And when our energies subside, we have the little pitons that we can jam into nearby fissures for yet further purchase on certainty: is there one amongst us who has never once whispered “for the avoidance of doubt”, not even to break some tedious impasse?
Such is our institutional suspicion of doubt. Note that dreadful phrase of hack lawyering: “avoidance” — as if doubt is so repulsive to our collective morality we should void it, ab initio: evacuate it from our bowels, and flush it away, whereupon only then can we lie back into cosy, sterile certitude.
Yet you need be no great student of our halting course through the cosmos to notice that, however hard we have lunged at this definitude, we have had a hard time finding it.
Shit still, resolutely, happens. Were it not so deeply buried in the foundations of our mythology, we might even wonder whether the search for certainty wasn’t the problem and not the solution.
So here, readers, I present you a spirited, against-the-run-of-play, defence of doubt.
There are logical, psychological, commercial and philosophical grounds. Bear with me. Let us start at the top and work our way down to the elephants and turtles.
The commercial imperative of doubt
At the heart of the commerce, trust and credit — the expectation that one will be a good egg. The beauty of a laissez-faire system of freedoms: alone among polities it gets the alignment of interests right. It need not hope that actors will out of public spiritedness, and assumes they will not. Laissez-faire assumes we are all in it for ourselves. Yet, through the magic of the iterated prisoner’s dilemma, we are nonetheless incentivised to do the right thing: the long-term payoff of repeated co-operation grossly outweighs the short-term bump of a single defection. We build not transactions, but relationships. As they develop, relationships grow: the dinks and scuffs we pick up along the way toughen us. If we manage them well, our relationships grow stronger. Relationships are anti-fragile.
Relationships develop as markets develop, as technology develops, as competitors develop and as threats develop. Markets, technology, competitors and threats interact with each other. The landscape shifts. This is complex, non-linear and unpredictable.
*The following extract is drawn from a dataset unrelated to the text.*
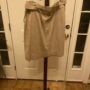 Well made casual skirt, lunch date, walk around town. This skirt is tan in color with 2 functional pockets in front that are adorned with royal crest buttons. Has detachable belt with St. John logo imprinted on buckle. Smal metal logo okay on left near waistline. Measurements are taken lying flat non-stretched

We do not know where we are going. We cannot be certain about our future. A contract which tries, with infinite detail, to anticipate this future — to codify it — will necessarily bind us to impracticable ways of working. It fossilises our commercial expectations on the day we form them.
Worse yet, it encourages those in the relationship not to talk to each other, for fear of prejudicing their pre-constructed legal protections. They may even feel, without Legal’s sanction, they cannot. This is exactly opposite to the optimal outcome. If there is a problem, get on the phone. Talk. Flex that relationship. Reinforce the trust and credit you have accumulated. In a positive-sum relationship, each party’s ultimate outcome is the other’s wellbeing. The longer they live the longer the relationship can last. The value of the relationship to each side is a function of time.[2]
Epistemology of certainty
May we take Descartes as read? It gets more interesting a little later on.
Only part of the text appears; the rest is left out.